Rolling linear regression for use with groupby operation on a cuDF dataframe

352 Views Asked by At

I would like to calculate the rolling slope of y_value over x_value using cuML LinearRegression.

Sample data (cuDF dataframe):

| date       | x_value | y_value |
| ------     | ------  |  ----   |
| 2020-01-01 | 900     | 10      |
| 2020-01-01 | 905     | 15      |
| 2020-01-01 | 910     | 15      |
| 2020-01-01 | 915     | 15      |
| 2020-01-02 | 900     | 30      |
| 2020-01-02 | 905     | 40      |
| 2020-01-02 | 910     | 50      |
| ------     | ------  | ------  |

A simple function to use LinearRegression:

def RollingOLS(x, y):
    lr = LinearRegression(fit_intercept = True, normalize = False, algorithm = 'svd')
    reg = lr.fit(x, y)
    
    return reg.coef_

What I would like to do:

data.groupby('date').rolling(2).apply(RollingOLS, x=x_value, y=y_value)
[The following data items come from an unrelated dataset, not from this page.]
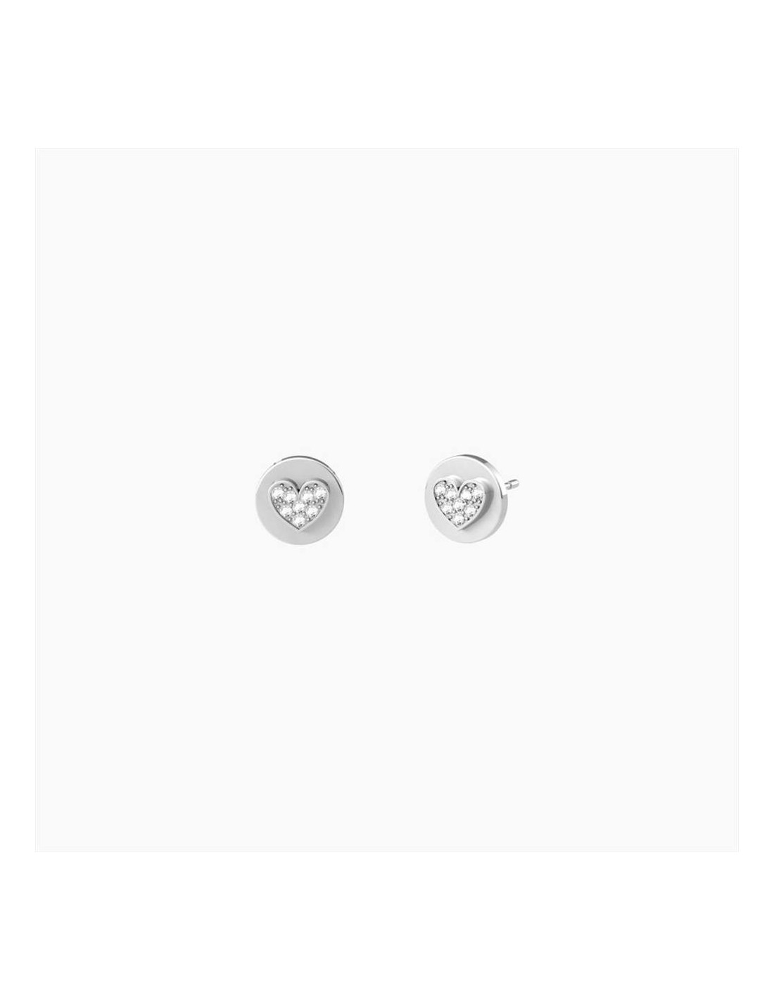 Orecchini Kidult Symbols, in acciaio a lobo tondi con cuore centrale in cristalli bianchi. "Per distinguerti non hai bisogno di effetti speciali. A volte bastano piccoli dettagli per far brillare la tua luce."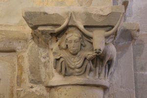 El capitel representa una junta de bueyes notablemente proporcionados y musculosos, con detalles anatómicos realistas, como la piel y las pezuñas. Sin embargo, solo se aprecia la figura de un buey por el deterioro del otro astado. Ambos están unidos por un yugo tallado, y son guiados por un hombre de largos cabellos. Su mirada es triste y con una expresión de cierta preocupación en su rostro y boca, lo que transmite una profunda humanidad. Viste una media túnica de pliegues horizontales y sus manos, fuertes, sujetan el animal a través de la argolla que cuelga de su hocico.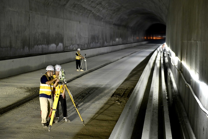 7月30日,在濟濱高鐵機場隧道內,中鐵十局的工作人員進行全斷面掃描,以獲取隧道內幾何形態(tài)。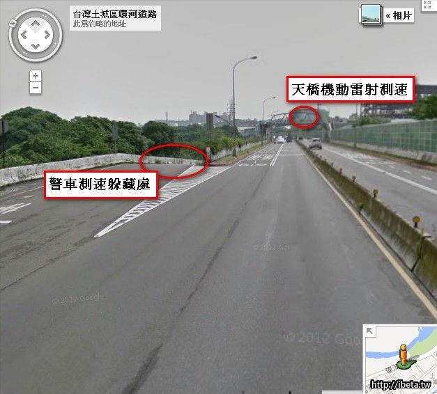 它會不定期擺出來,連續好幾個月都沒出來了,其實大家走這條,只要是技術族的,車速應該是...,但是回三峽的路上,只要看到橋,一定要慢下來仔細看右手邊有沒有警車,它會躲在人行天橋下,沒注意看就中了,有的話一定要完全放慢,我看過別人被照,都是晚上回三峽的車被拍.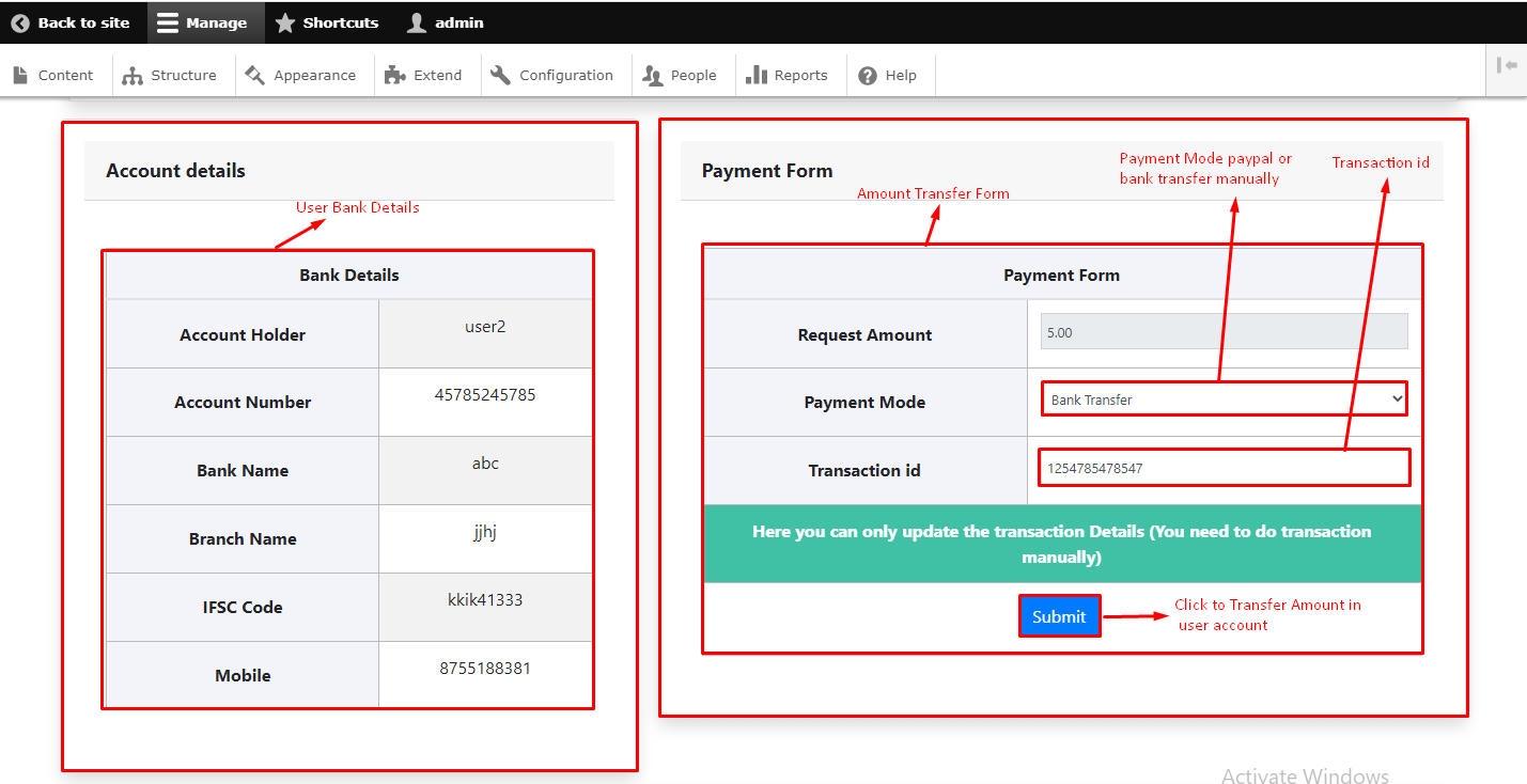 - transfer the witdrawal request amount by click on action transfer Link, here you will see the user's witdrawal requset and withdrawal history and bank details of users and transfer the amount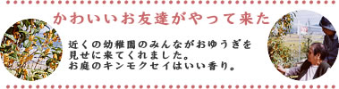 先月のお誕生日の2名が、近くの久枝幼稚園で一緒にお誕生日をお祝いしました。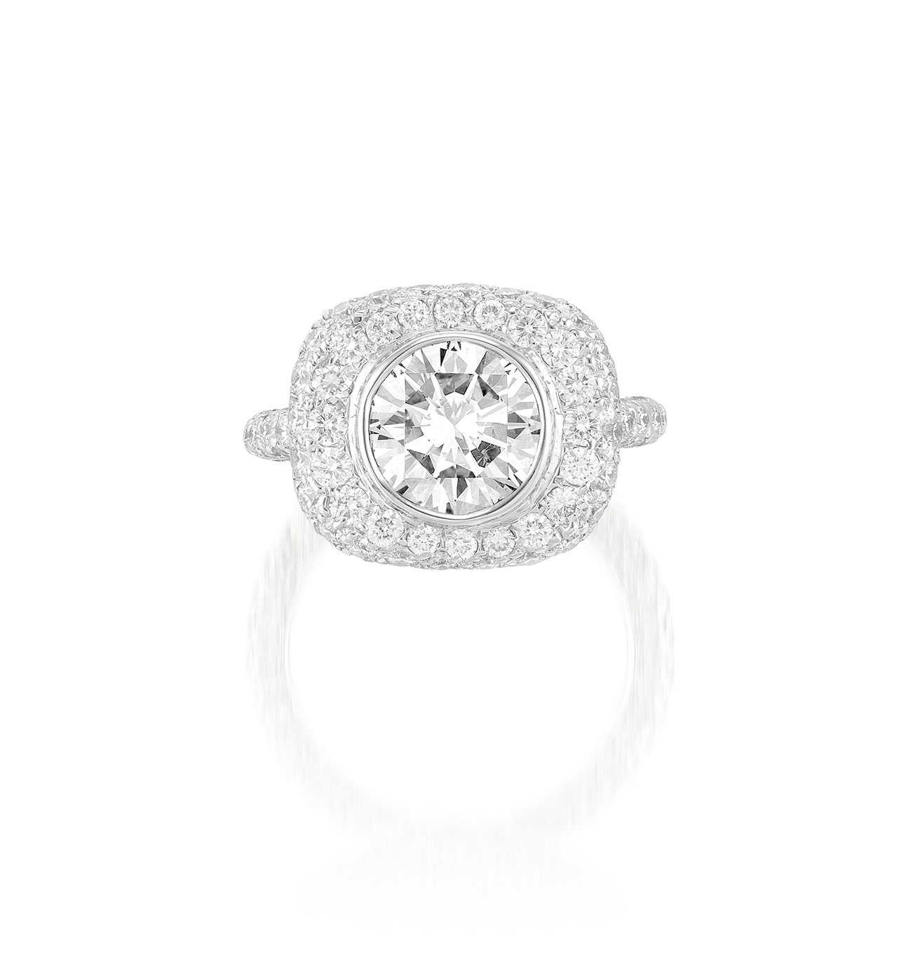 Bezel-set with a brilliant-cut diamond weighing approximately 2.38 carats, surrounded by pavé-set brilliant-cut diamonds, the ring band and gallery set throughout with similarly-cut diamonds, mounted in white gold, size 5½.
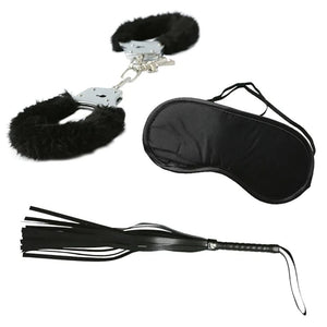 - Contents: 1 pair of black furry metal handcuffs, 1 black satin blindfold, and 1 gentle black whip (40 cm).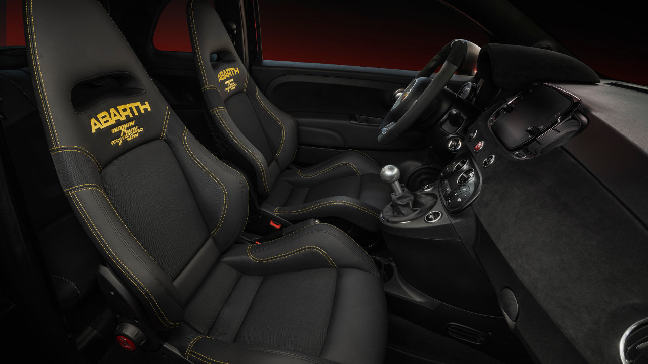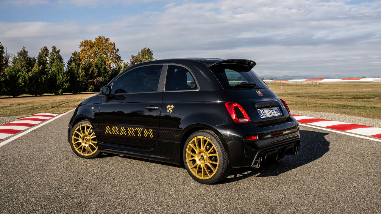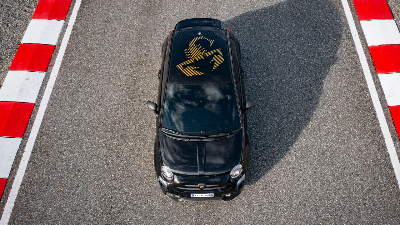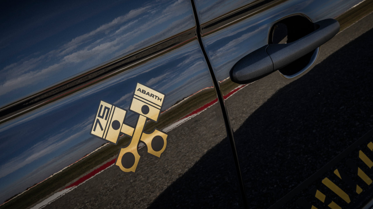 Από τις υπόλοιπες εκδόσεις η νέα επετειακή ξεχωρίζει και εξωτερικά με τον τεράστιο Σκορπιό στην οροφή να τοποθετείται εκεί για πρώτη φορά. Η Abarth επέλεξε το χρυσό χρώμα για τα γραφικά που στολίζουν το μικρό αμάξωμα, ενώ χρυσές είναι βαμμένες και οι ζάντες των 17 ιντσών.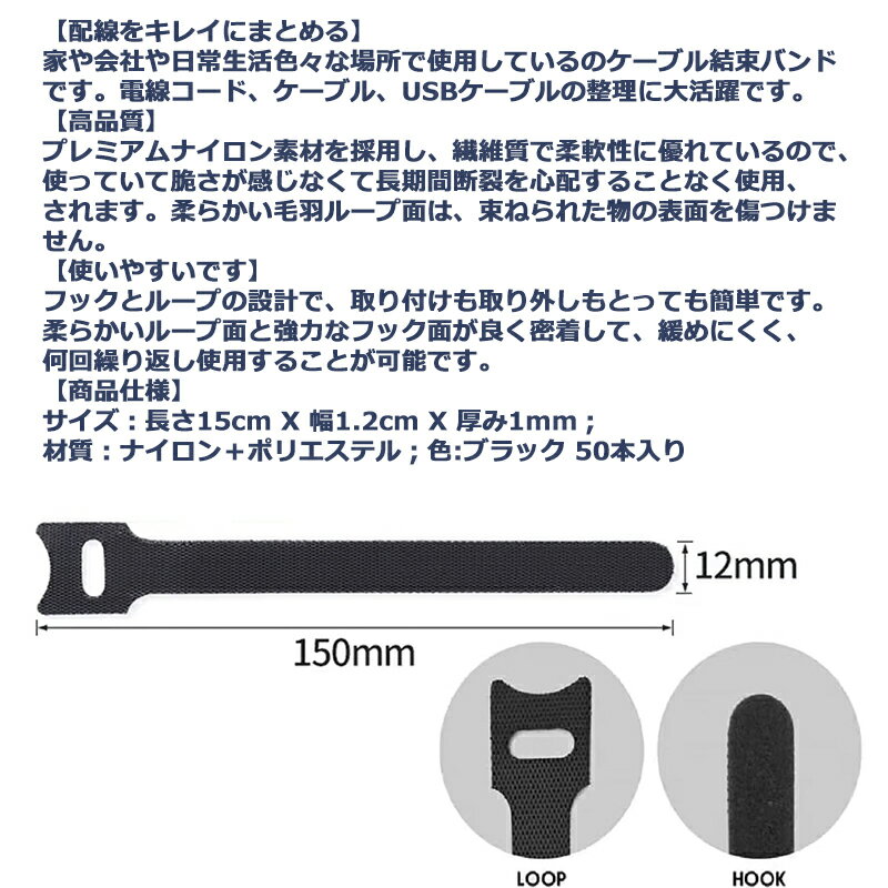 【50本】 ケーブルバンド ケーブル結束バンド 面ファスナー ナイロン製 収納バンド コード配線収納 ケーブル束ねる 収納 束ねる 繰り返し利用可能 12mm×15cm 黒 白

However, I am getting an error: NotImplementedError: Handling UDF with null values is not yet supported. Is there any way to overcome this error? Thank you.

1

There are 1 best solutions below

1
On

In order to resolve the error NotImplementedError: Handling UDF with null values is not yet supported please reassign None/null values to another value or remove the samples which have None/null values from your DataFrame.